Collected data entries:
---+---
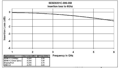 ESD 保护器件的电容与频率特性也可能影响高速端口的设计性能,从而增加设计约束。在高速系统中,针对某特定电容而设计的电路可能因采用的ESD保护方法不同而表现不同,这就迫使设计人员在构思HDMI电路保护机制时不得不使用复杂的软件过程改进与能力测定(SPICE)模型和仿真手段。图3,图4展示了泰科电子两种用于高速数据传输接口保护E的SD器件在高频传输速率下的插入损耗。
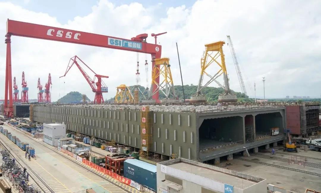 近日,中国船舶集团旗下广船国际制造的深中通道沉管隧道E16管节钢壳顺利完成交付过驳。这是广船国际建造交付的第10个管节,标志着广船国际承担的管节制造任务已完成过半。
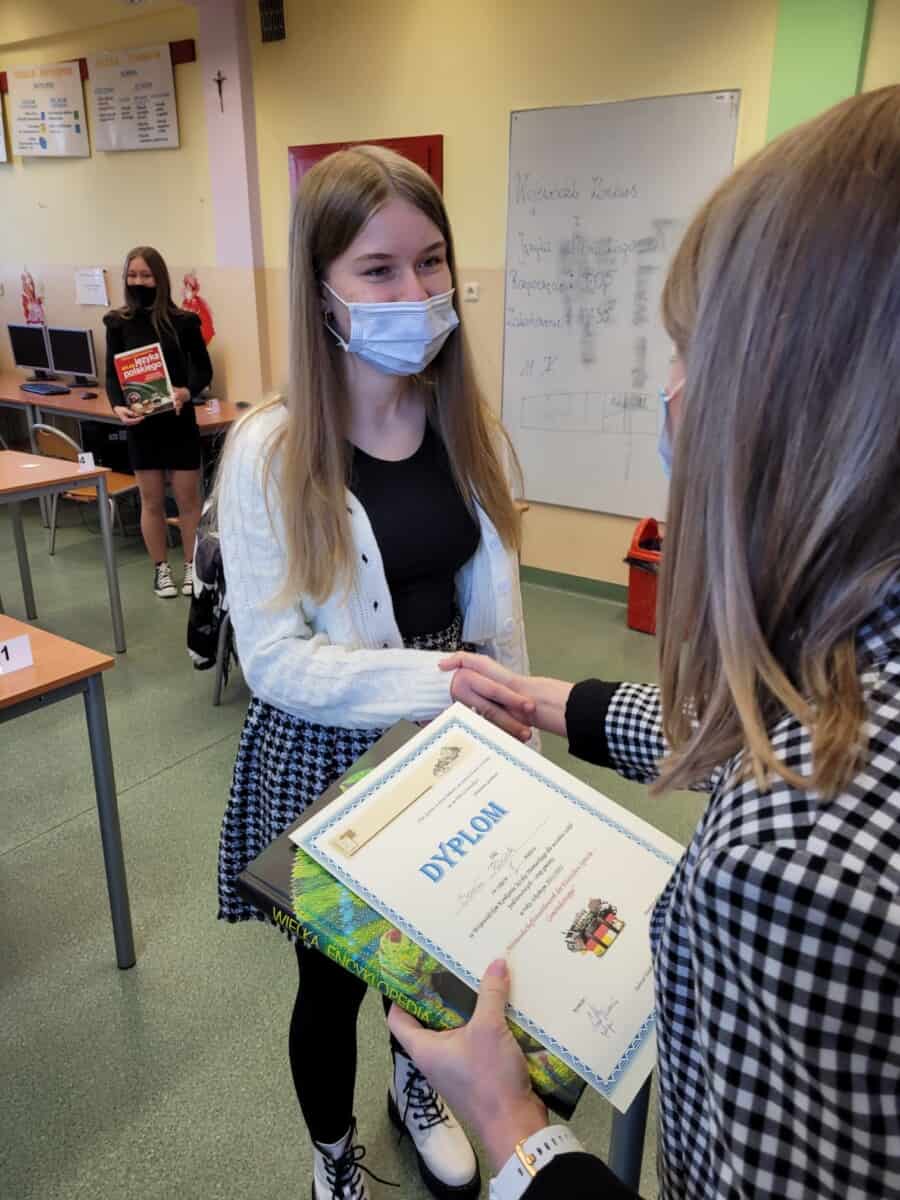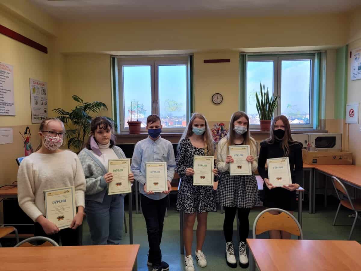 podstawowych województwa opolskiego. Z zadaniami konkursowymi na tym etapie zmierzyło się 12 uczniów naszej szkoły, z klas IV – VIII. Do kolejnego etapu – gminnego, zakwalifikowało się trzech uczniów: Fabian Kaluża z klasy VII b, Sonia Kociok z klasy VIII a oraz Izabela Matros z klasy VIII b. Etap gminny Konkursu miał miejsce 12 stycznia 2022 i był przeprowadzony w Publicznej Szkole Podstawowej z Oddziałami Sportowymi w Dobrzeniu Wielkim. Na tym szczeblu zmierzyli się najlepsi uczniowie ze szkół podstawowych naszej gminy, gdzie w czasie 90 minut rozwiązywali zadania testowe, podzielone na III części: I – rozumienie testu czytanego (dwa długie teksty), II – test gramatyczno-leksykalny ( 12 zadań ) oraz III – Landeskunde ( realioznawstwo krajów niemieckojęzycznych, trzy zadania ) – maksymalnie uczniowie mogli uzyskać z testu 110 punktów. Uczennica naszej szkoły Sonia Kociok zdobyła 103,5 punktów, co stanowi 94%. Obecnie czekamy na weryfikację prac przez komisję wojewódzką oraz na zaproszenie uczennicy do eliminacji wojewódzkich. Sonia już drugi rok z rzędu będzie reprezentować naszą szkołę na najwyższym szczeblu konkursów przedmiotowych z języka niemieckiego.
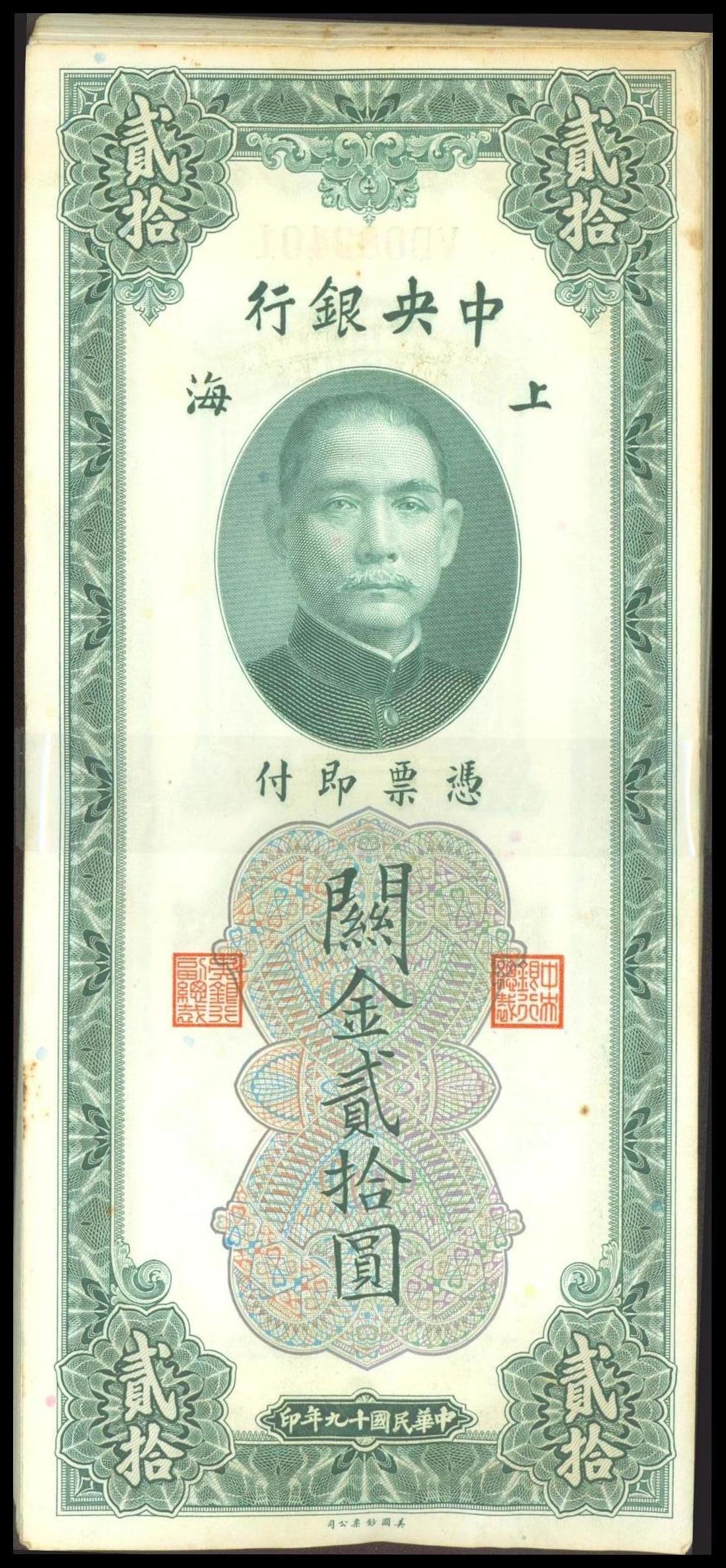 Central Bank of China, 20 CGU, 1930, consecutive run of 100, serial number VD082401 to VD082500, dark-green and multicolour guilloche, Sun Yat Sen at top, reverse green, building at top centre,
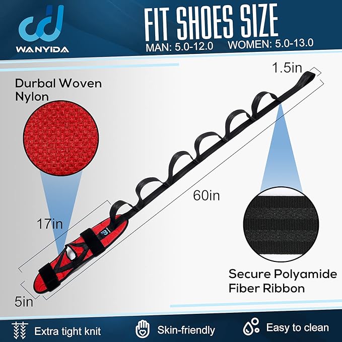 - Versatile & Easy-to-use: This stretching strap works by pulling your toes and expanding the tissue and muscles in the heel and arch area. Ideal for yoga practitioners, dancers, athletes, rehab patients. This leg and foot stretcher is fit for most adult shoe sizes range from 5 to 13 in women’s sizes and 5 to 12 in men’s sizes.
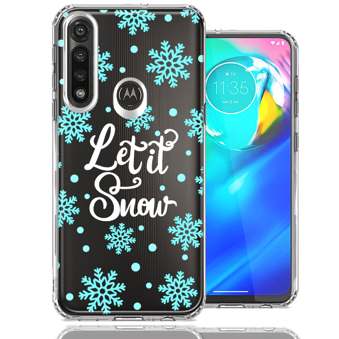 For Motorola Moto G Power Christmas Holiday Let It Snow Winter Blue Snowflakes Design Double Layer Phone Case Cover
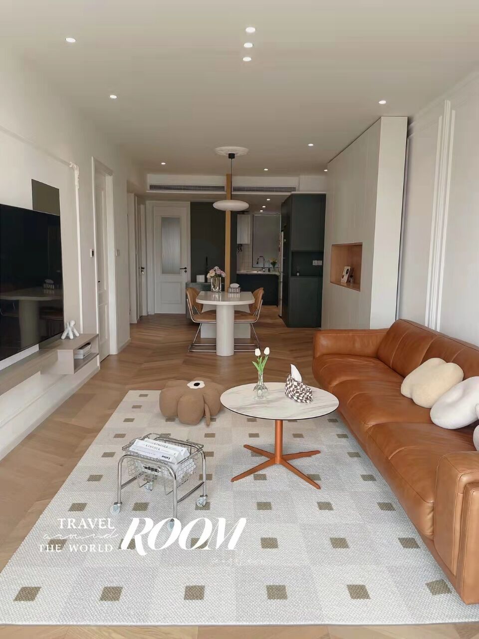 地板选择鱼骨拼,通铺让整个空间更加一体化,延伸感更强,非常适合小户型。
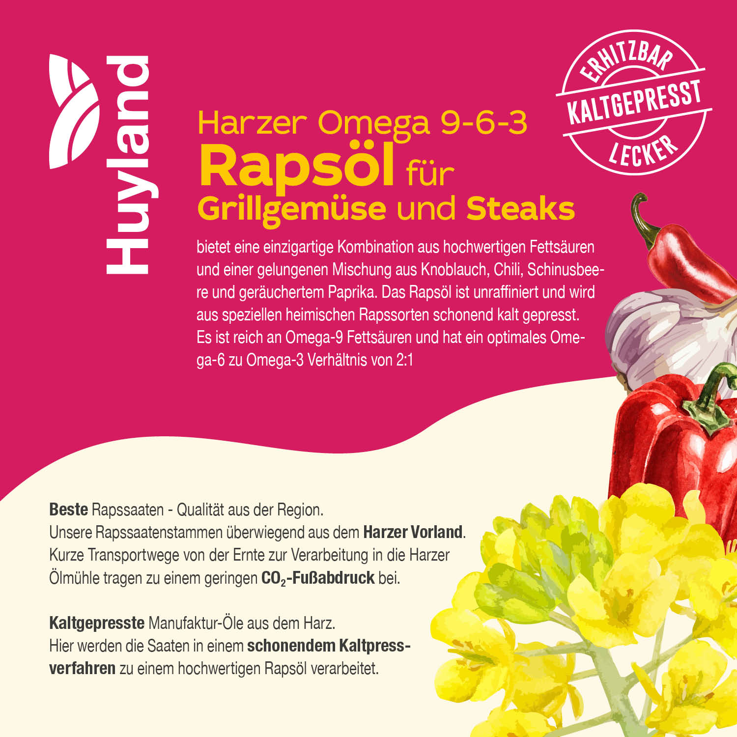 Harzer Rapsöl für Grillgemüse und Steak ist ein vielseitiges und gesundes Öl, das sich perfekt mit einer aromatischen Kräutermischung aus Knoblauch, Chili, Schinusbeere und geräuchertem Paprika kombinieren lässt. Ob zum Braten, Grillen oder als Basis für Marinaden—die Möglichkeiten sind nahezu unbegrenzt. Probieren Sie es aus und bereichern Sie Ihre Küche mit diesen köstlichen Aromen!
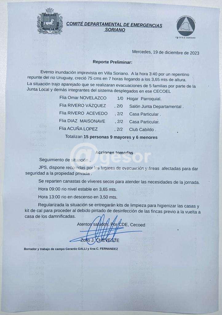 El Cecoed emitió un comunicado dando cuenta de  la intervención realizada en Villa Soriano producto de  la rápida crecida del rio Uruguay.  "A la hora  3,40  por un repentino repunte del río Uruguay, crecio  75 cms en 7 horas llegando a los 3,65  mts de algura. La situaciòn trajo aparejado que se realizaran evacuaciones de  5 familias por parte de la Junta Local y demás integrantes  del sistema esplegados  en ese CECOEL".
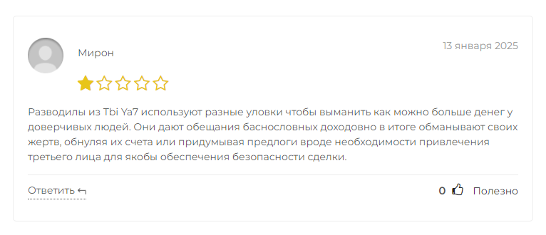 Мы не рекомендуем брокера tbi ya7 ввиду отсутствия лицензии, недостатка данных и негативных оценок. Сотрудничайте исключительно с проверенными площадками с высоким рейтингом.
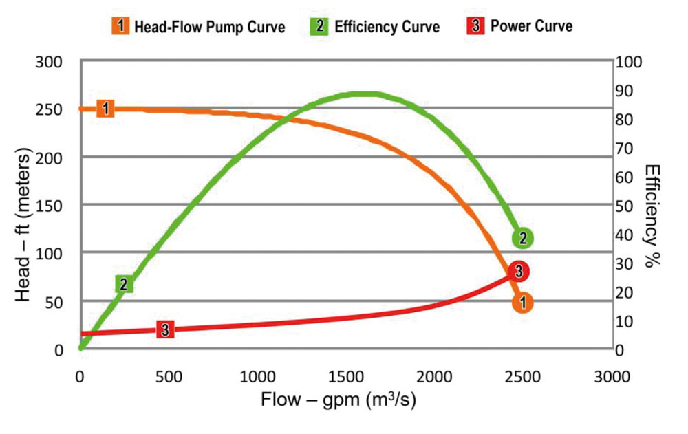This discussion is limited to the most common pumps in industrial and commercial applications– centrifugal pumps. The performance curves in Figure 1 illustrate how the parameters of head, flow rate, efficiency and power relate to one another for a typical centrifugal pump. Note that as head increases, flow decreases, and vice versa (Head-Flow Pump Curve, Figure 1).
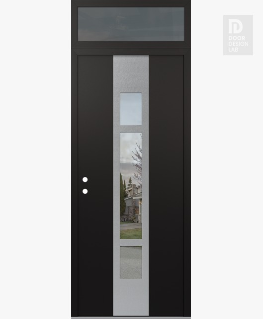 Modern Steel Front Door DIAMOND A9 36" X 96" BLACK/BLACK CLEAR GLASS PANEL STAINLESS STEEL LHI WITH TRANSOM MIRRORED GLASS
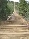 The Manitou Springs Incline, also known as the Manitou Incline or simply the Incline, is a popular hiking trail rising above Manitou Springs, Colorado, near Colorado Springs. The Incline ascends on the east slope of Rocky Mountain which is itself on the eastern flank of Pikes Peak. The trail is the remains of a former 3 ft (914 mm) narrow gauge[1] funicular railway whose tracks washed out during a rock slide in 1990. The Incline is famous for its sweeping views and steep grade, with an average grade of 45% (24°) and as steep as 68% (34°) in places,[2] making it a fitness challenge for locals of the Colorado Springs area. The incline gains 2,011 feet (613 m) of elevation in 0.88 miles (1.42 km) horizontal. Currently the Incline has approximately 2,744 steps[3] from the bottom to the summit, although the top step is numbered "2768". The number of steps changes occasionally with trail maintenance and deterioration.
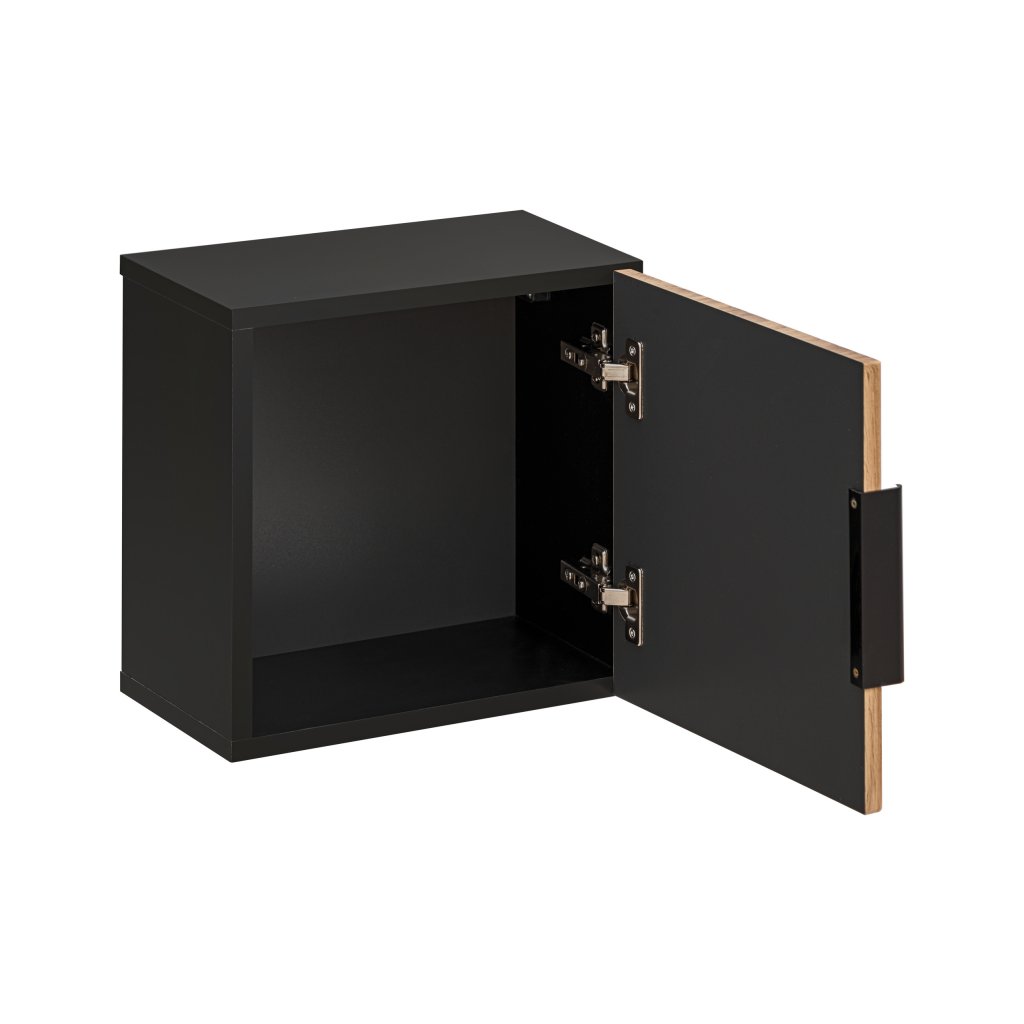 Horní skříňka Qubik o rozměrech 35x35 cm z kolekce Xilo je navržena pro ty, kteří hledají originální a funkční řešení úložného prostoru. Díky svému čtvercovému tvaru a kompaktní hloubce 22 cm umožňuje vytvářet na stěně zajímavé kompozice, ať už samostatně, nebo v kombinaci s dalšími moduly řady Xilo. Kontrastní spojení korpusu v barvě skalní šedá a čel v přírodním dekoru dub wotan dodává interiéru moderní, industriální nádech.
---+---
Print exactly the lines above that run from the one with "Modern Steel Front" to the one with "The Manitou Springs", both included. No pictures.

 Modern Steel Front Door DIAMOND A9 36" X 96" BLACK/BLACK CLEAR GLASS PANEL STAINLESS STEEL LHI WITH TRANSOM MIRRORED GLASS
 The Manitou Springs Incline, also known as the Manitou Incline or simply the Incline, is a popular hiking trail rising above Manitou Springs, Colorado, near Colorado Springs. The Incline ascends on the east slope of Rocky Mountain which is itself on the eastern flank of Pikes Peak. The trail is the remains of a former 3 ft (914 mm) narrow gauge[1] funicular railway whose tracks washed out during a rock slide in 1990. The Incline is famous for its sweeping views and steep grade, with an average grade of 45% (24°) and as steep as 68% (34°) in places,[2] making it a fitness challenge for locals of the Colorado Springs area. The incline gains 2,011 feet (613 m) of elevation in 0.88 miles (1.42 km) horizontal. Currently the Incline has approximately 2,744 steps[3] from the bottom to the summit, although the top step is numbered "2768". The number of steps changes occasionally with trail maintenance and deterioration.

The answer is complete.